Julian Assange’s options narrow as judges reject extradition appeal

Short of cash and running out of legal arguments, the founder of WikiLeaks, Julian Assange, felt the net tighten around him on Wednesday as the high court dismissed his latest appeal against extradition to Sweden to face rape and sexual molestation claims.

The president of the Queen’s Bench Division, Sir John Thomas, sitting with Mr Justice Ouseley, threw out Assange’s four-point appeal against the Swedish prosecutor’s European arrest warrant.Longchamp Outlet Assange’s lawyers, meanwhile, indicated that the 40-year-old Australian may not have the money to pay his opponents’ costs. Unless he appeals to the supreme court, and that requires high court approval and yet more legal fees, he could be removed to a Swedish jail by the end of the month to be questioned over claims of rape, sexual molestation and unlawful coercion by two women he met on a visit to Stockholm in August 2010.

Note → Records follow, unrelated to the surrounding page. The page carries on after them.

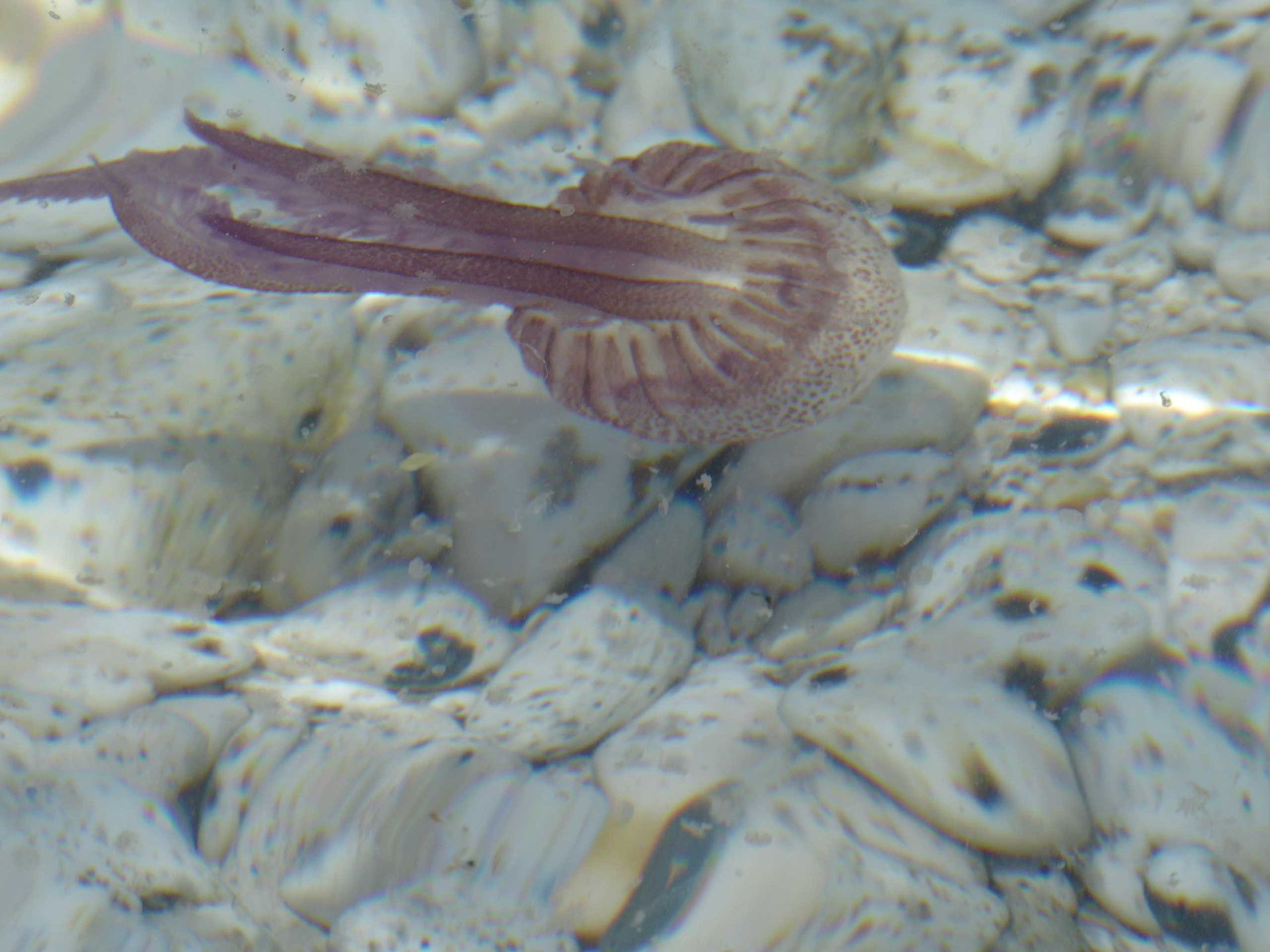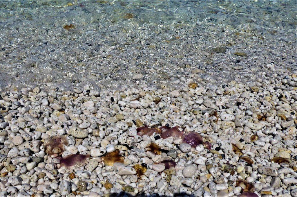 Eine Nachbarin schwärmte vom weissen Strand, Capo Bianco. Zwei Mal haben wir die Runde gedreht: Beim ersten Mal verpassten wir die Einfahrt in den Parkplatz um beim zweiten Mal zu realisieren, dass die Einfahrt zu niedrig ist. Nach einem längeren heissen Fussmarsch würden wir uns gerne erfrischen. Schöner weisser Strand, aber viele Quallen – nix mit baden.
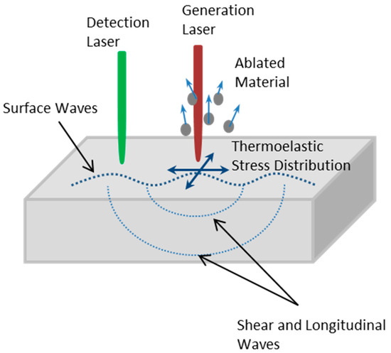 An implementation of non-contact potentially in process ultrasonic testing can use lasers to generate and detect ultrasonic waves [100]. This inspection method can be used for a wide bandwidth of frequencies, up to 15 MHz. There are multiple setups for these systems, and a typical layout of laser ultrasound inspection configuration can be seen in Figure 9.
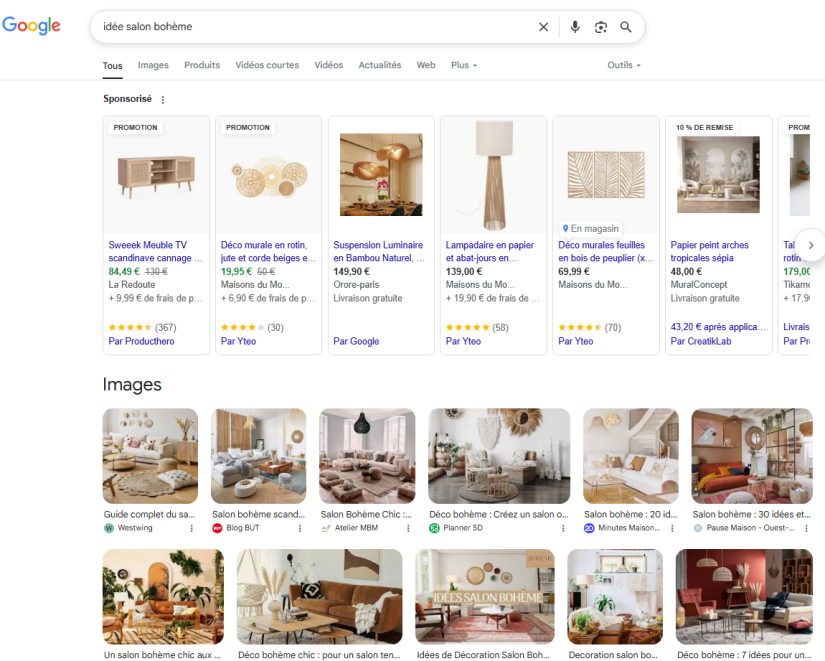 Certaines requêtes favorisent les résultats visuels sur les moteurs de recherche. Par exemple, si on tape "idée salon bohème", "aménagement jardin moderne" ou encore "décoration table de fête" sur Google, les premiers résultats naturels sont issus de Google Images. (cf. exemple)
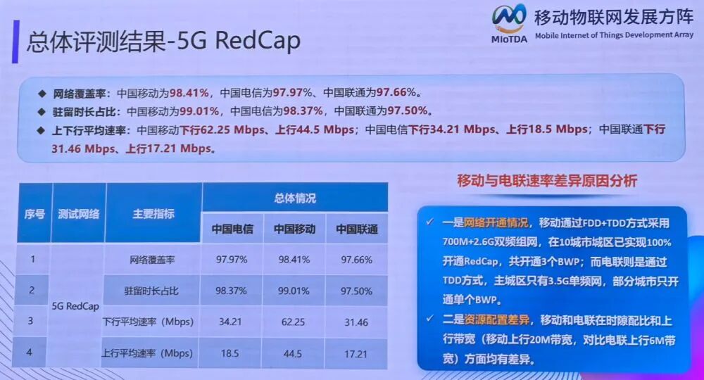 “根据评测结果,我们能够得出一个初步结论:目前重点城市各主干道路5G RedCap网络覆盖效果不错,中国移动、中国电信、中国联通的网络覆盖,均能满足相关各个行业对于物联网的需求。”中国信通院无线电研究中心无线应用产业与研究部主任曹磊在解读该报告时表示。
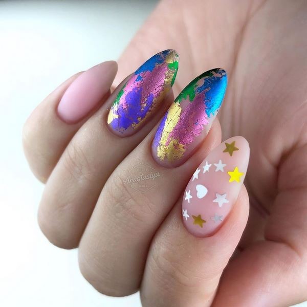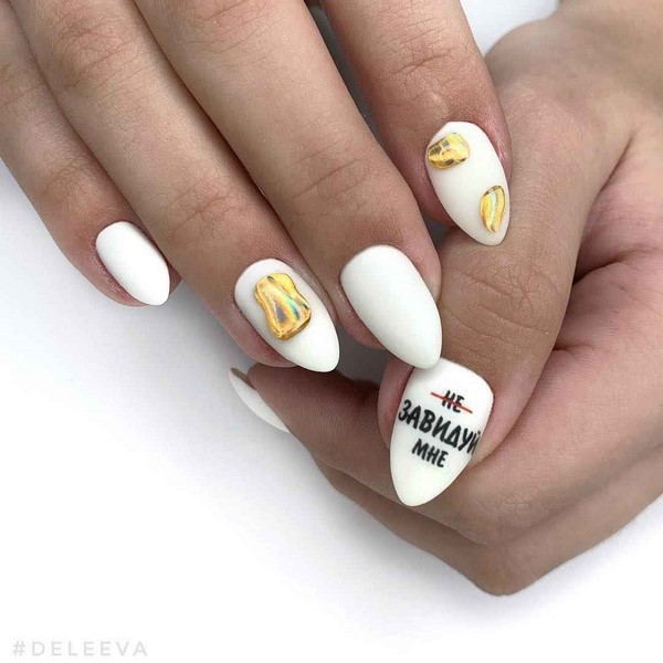 Il n’est pas utile de trop en faire avec des strass, des feuilles, des frottements, des paillettes, mais décorer de beaux ongles avec ces matériaux et d’autres matériaux en quantité mesurée en vaut certainement la peine, car ils ajouteront de la sophistication à tout design, même le plus simple.
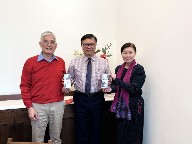 高俊雄校長(左)代表學校接受陳勁教授(中)捐款,賴淑玲副校長(右)亦出席一同合影。
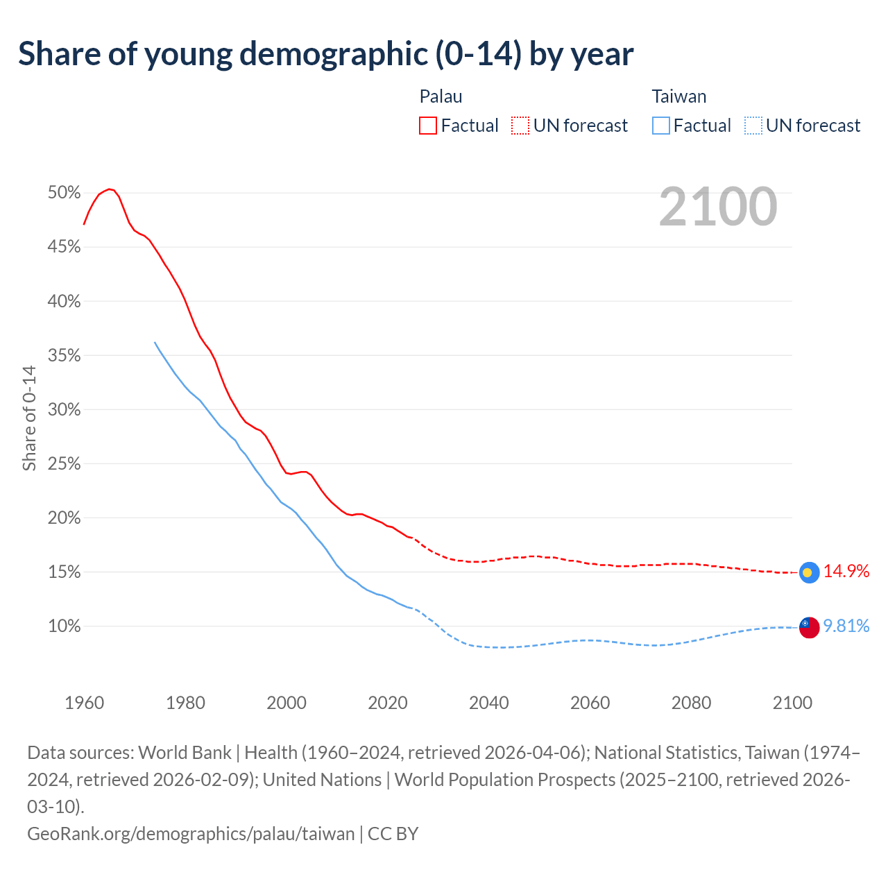 - The share of young demographic (0-15 years old) in Palau is 18.2% vs 11.7% in Taiwan.
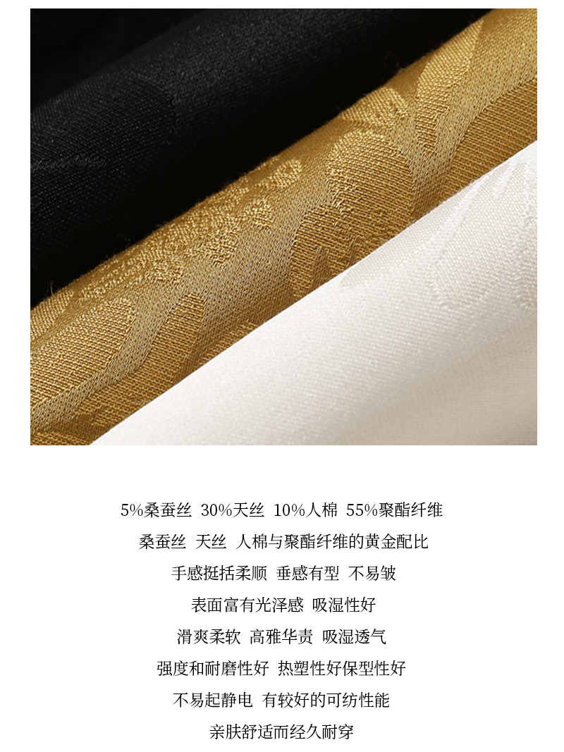 Material composition | Polyester fiber 55% regenerated cellulose fiber 30% viscose fiber (viscose fiber) 10% mulberry silk 5% |
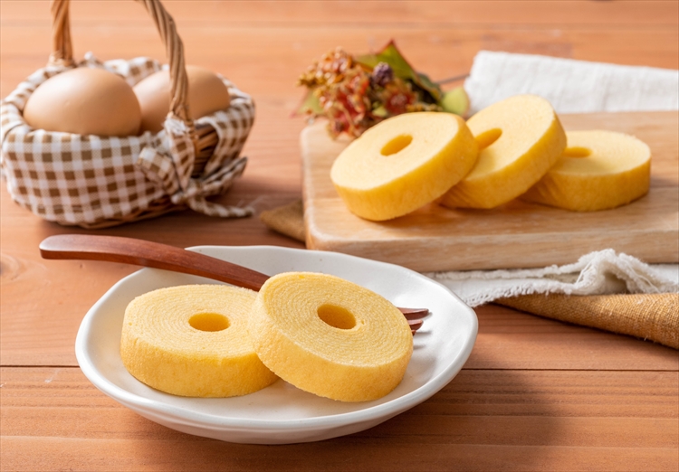 自然の恵みにあふれた環境で育った鶏からとれる、新鮮な有精卵を使ったスイーツは多くのお客様に愛されています。深川カントリーファームが生み出すスイーツはたまごのコクがありながら、自然で上品な甘さ、素朴で飽きのこない味わいが魅力です。1層ずつ丁寧に焼き上げたバームクーヘンは、食べやすいサイズにカットされており、お子様からご年配まで愛される味わいです。

After the ruling, out on the steps of the Royal Courts of Justice, Assange faced the cameras wearing a smart navy suit and a Remembrance Day poppy, but without his usual air of defiance. Eleven months earlier he had stood on the same spot after being freed from Wandsworth prison on bail. Back then he declared with a smile that it was “great to smell the fresh air of London again” and he pledged “to continue my work and continue to protest my innocence”. This time it was unclear whether he planned to fight on. He said only: “We will be considering our next step.”

“I have not been charged with any crime in any country,” he said. “The European arrest warrant (EAW) is so restrictive that it prevents UK courts from considering the facts of a case, as judges have made clear here today … no doubt there will be many attempts made to try to spin these proceedings as they occurred today but they were merely technical.” He directed people to a website set up by supporters “if you wish to know what is really going on in this case”, then fought his way through a pavement melee, into a minicab and away.

Court four had been full for the 9.45am case, which took minutes. Assange was joined by WikiLeaks staff and supporters including campaigning journalist John Pilger and Vaughan Smith, the owner of Ellingham Hall in Norfolk where Assange is living under strict bail conditions which include an ankle tag and evening curfew. “This is self-evidently not a case relating to a trivial offence, but to serious sexual offences,” the judges said, upholding the original magistrates court decision from Assange’s first appeal in February.

They said Assange had argued the rape claim against him dating from his trip to Stockholm in August 2010 did not in fact amount to rape, but “the allegation that he had sexual intercourse with [SW] without a condom would amount to an allegation of rape in England and Wales”.